Jorge Herrando

Personal information
- Full name: Jorge Herrando Oroz
- Date of birth: 28 February 2001 (age 25)
- Place of birth: Pamplona, Spain
- Height: 1.90 m (6 ft 3 in)
- Position: Centre-back

Team information
- Current team: Osasuna
- Number: 5

Youth career
- Osasuna

Senior career*
- Years: Team / Apps / (Gls)
- 2018–2023: Osasuna B / 94 / (8)
- 2020–: Osasuna / 66 / (1)
- 2021–2022: → Logroñés (loan) / 18 / (0)

International career^{‡}
- 2018–2019: Spain U18 / 4 / (0)
- 2025–: Basque Country / 1 / (0)

= Jorge Herrando =

Spanish footballer

Jorge Herrando Oroz (born 28 February 2001) is a Spanish professional footballer who plays for CA Osasuna as a central defender.

==Club career==
Born in Pamplona, Navarre, Herrando represented CA Osasuna as a youth.
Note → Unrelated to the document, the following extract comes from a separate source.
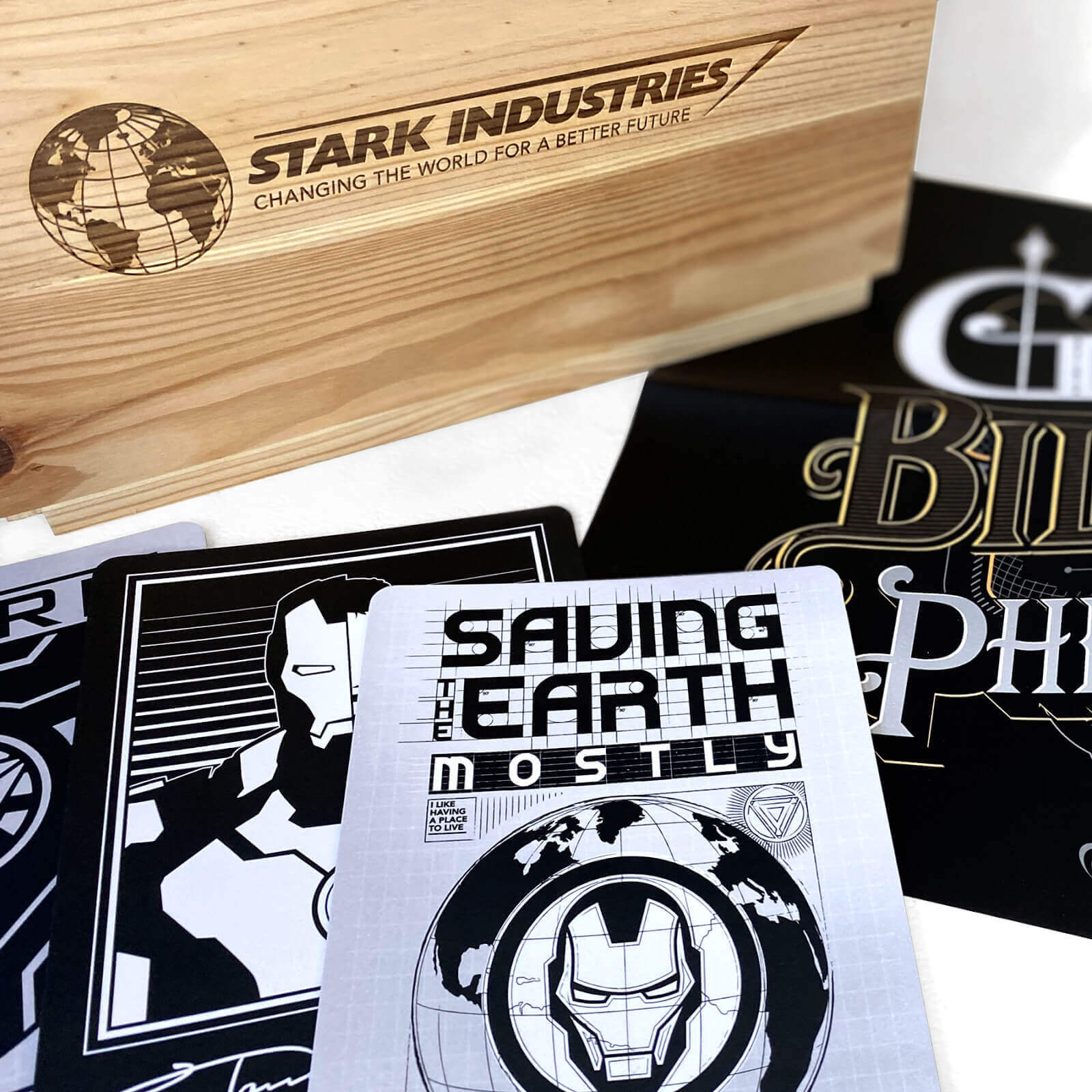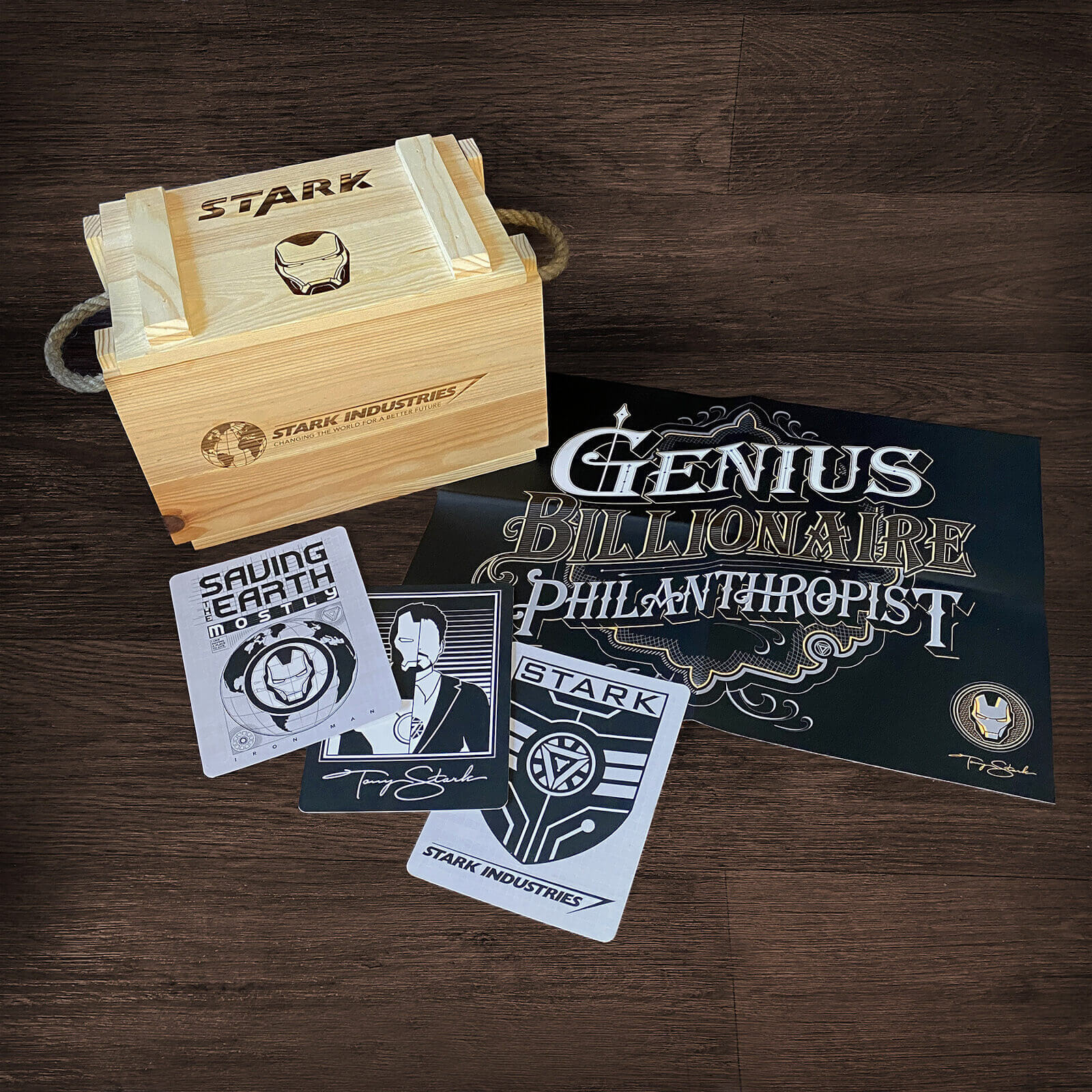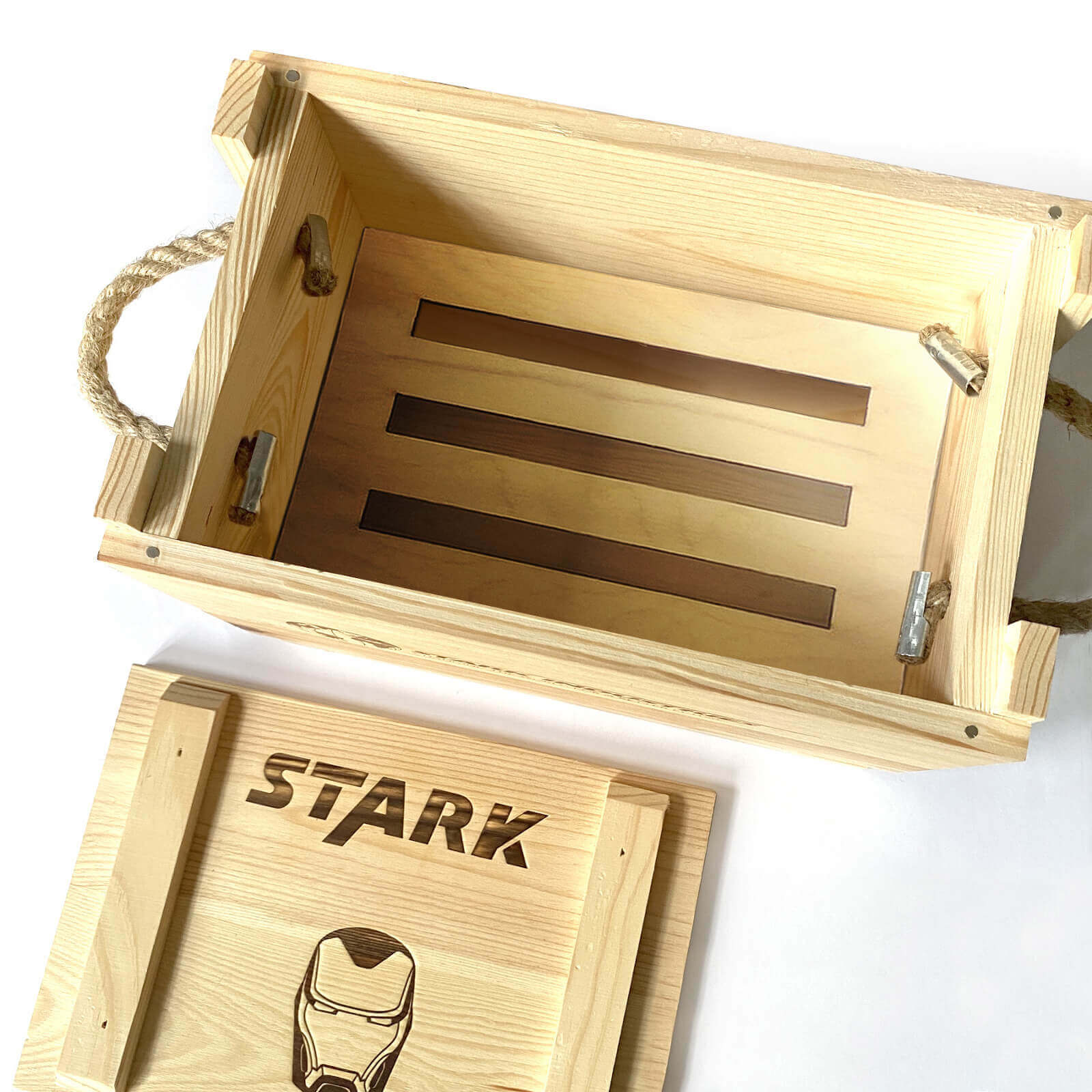 - Marvel wooden 'ammo crate' laser branded with Stark Industries corporate logos and Iron Man helmet.

On 6 December 2017, while still a youth, he signed his first professional contract until 2019.

Herrando made his senior debut with the reserves on 13 May 2018, aged just 16, playing the last 16 minutes in a 4–0 Segunda División B away loss against CD Vitoria, as his side was already relegated. He scored his first senior goal on 11 October, netting the equalizer in a 1–1 home draw against UDC Txantrea, and further extended his deal until 2022 on 1 November.

Herrando made his first team debut on 15 December 2020, coming on as a second-half substitute for goalscorer Kike Saverio in a 6–0 away routing of UD Tomares, for the season's Copa del Rey. The following 15 July, he renewed his contract until 2024 and was immediately loaned to Primera División RFEF side UD Logroñés, for one year.

Upon returning, Herrando was assigned to the B-side now also in the third division. He made his La Liga debut on 2 May 2023, starting and being sent off in a 1–0 away loss against FC Barcelona.

==International career==
Herrando was called up to the Basque Country national team for a friendly match against Palestine on 15 November 2025.